Silver is a highly traded precious metal among investors. It has historically been used as a store of value and medium of exchange. Although less popular than gold, traders can turn to silver to diversify their investment portfolio, for its intrinsic value or as a potential hedge during periods of high inflation. Investors can buy physical silver, in coins or bullion, or trade it through vehicles such as Exchange Traded Funds, which track its price on international markets.

Silver prices can move due to a wide range of factors. Geopolitical instability or fears of a deep recession can cause the price of silver to escalate due to its safe-haven status, although to a lesser extent than gold. As a non-yielding asset, silver tends to rise with lower interest rates. Its movements also depend on how the US dollar (USD) behaves, as the asset is valued in dollars (XAG/USD). A strong dollar tends to keep silver prices at bay, while a weaker dollar is likely to propel prices higher. Other factors such as investment demand, mining supply – silver is much more abundant than gold – and recycling rates can also affect prices.

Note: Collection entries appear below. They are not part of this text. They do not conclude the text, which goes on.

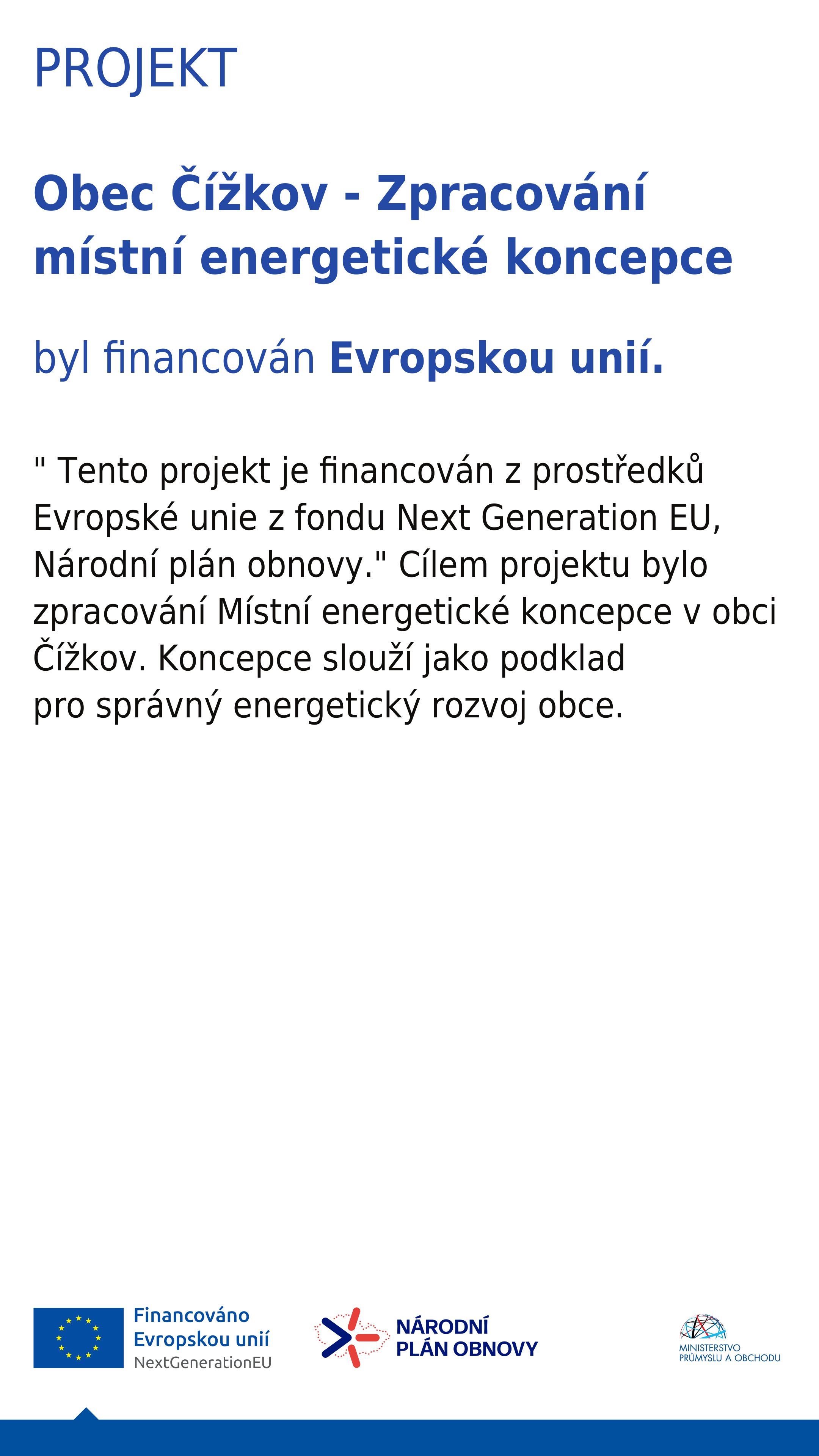 Projekt OBEC ČÍŽKOV - Zpracování místní energetické koncepce byl financovám Evropskou unií.
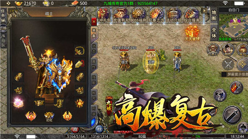 九域高爆复古传奇是一个传奇的角色扮演类型手机游戏,里面会有各种各样丰富的挑战内容,而且它的设置可以根据你自身的需求完成更改,有很多的战斗在等待着你的挑战,你可以不断的升级自己的人物,获得更多稀有的装备,快速的提升游戏里面角色的实力,你也可以积极的加入在一些工会里面,去组建一个非常强大的团队,这样在你挑战副本的时候会变得更加的轻松一些。
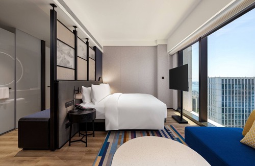 Aloft Yantai offers 350 air-conditioned accommodations with minibars and safes. Pillowtop beds feature down comforters and premium bedding. A pillow menu is available. 55-inch LCD televisions come with cable channels. Bathrooms include bathtubs or showers with rainfall showerheads, bathrobes, slippers, and hair dryers.
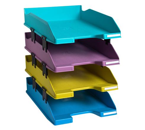 Set de 4 corbeilles à courrier pour documents au format A4+. Ces corbeilles à courrier sont solides et stables. Elles sont superposables à la verticale ou en escalier et est modulable à souhait, compatible avec de nombreux modèles existants.

Silver is widely used in industry, especially in sectors such as electronics or solar energy, because it has one of the highest electrical conductivity of all metals – more than copper and gold. An increase in demand can raise prices, while a decrease tends to lower them. Dynamics in the US, Chinese and Indian economies may also contribute to price fluctuations: for the US and especially China, their large industrial sectors use silver in various processes; in India, consumer demand for the precious metal for jewelry also plays a key role in pricing.

Silver prices tend to follow the movements of gold. When gold prices rise, silver usually follows suit, as their safe haven asset status is similar. The gold/silver ratio, which shows the number of ounces of silver needed to equal the value of one ounce of gold, can help determine the relative valuation between both metals. Some investors may view a high ratio as an indicator that silver is undervalued or that gold is overvalued. Conversely, a low ratio could suggest that gold is undervalued relative to silver.